Отказывала из-за своей любви к Чурсину. После очередной слезной ночи приходила к твердому намерению, что надо идти к своему любимому мужчине и все ему рассказать о своих чувствах. Утром она приходила в институт и уверенно поднималась на третий этаж. Затем очень осторожно подходила к доске объявлений и находила любимую фамилию. Потом с опаской бросала взгляд на знакомую дверь. Чурсин из помещения не выходил. Проходило несколько минут. Он опять не выходил. Стиснув зубы, она неспеша отходила от двери и исчезала в потоке студентов…
И в этот понедельник она подошла к доске объявлений. От внезапной радости ее сердце чуть-чуть екнуло.
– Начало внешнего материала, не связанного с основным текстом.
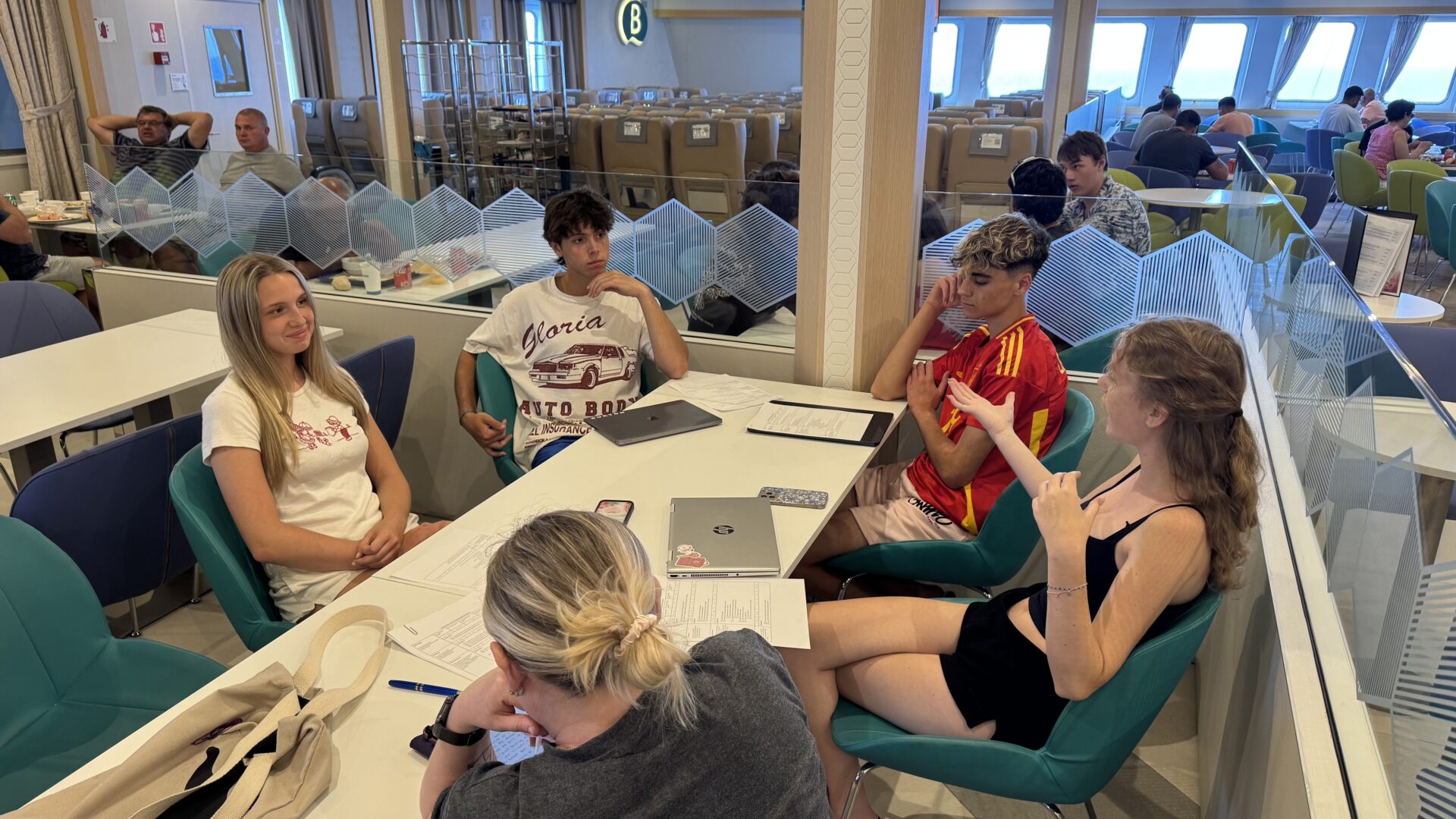 Though the ride was long, the students made the absolute most of it. We kicked off the day with a unique learning experience—class held right on the ship! It was a great reminder that learning can truly happen anywhere.

Она не верила своим глазам. В графе экзаменатор вместо фамилии Левин стояла фамилия Чурсин. Фамилия любимого человека была написана авторучкой. Она еще раз прочитала объявление, думала, что подвох. В том, что это была правда, она убедилась через пару минут. Дверь кафедры истории КПСС открылась и перед нею появился Чурсин. Он был чем-то озабочен, и как обычно, кивком головы поприветствовал знакомую студентку и в сей миг скрылся в аудитории, где бухгалтерам предстояло сдавать экзамен. Лариса на этот раз не обиделась на Чурсина. Наоборот, ее душа от радости пела. Ее любимый мужчина принимал у нее экзамен. У нее появилась еще одна возможность, притом последняя, взглянуть в его голубые глаза.
Перед входом в аудиторию уже стояла первая пятерка, в составе которой было четыре девушки и один парень. Возглавлял ее Юрка Чижов, он первым сдавал экзамен. После сдачи он отвечал за организацию шпаргалок. Все они были одинакового размера и пронумерованы строго по билетам. Все теоретическое «наследие» КПСС находилось в небольшой кожаной папочке, которую Юрка носил подмышкой. Эта папочка была известна не только всему студенческому потоку, но и преподавателям. Во время зачетов и контрольных работ Юрка садился на заднюю парту и с улыбкой ложил папку на самый край парты. Никто из преподавателй не пытался проверить ее содержимое. Да и зачем. Она лежала у всех на виду.
Юрка Чижов первым узнал о новом экзаменаторое и рысью кинулся к девчатам. Радости не было предела. Чурсин был намного башковитее, чем заведующий кафедрой. Главный историк института читал лекции очень быстро, стараясь как можно больше дать информации. Студенты часто сверяли содержание его лекций с учебником. Нередко были в недоумении. Лекции, как две капли воды, были переписаны с учебника по истории КПСС. Чурсин же прописные истины очень толстой книги не повторял. Он давал новый материал, который для большинства студентов был неведом. Да и темы рефератов он, как правило, согласовывал с ними. Методика проведения семинарских занятий у него в корне отличалась от других руководителей. Он никогда не спрашивал тех, кто усердно тянул руки. Активистов он не замечал, спрашивал молчунов. Иногда студенты пытались его тактику сломать. Они все дружно поднимали руки. Чурсин при виде целого леса рук весело улыбался, затем опускал голову вниз. Группа на какой-то миг замирала. Пробежав глазами по журналу, он называл фамилию.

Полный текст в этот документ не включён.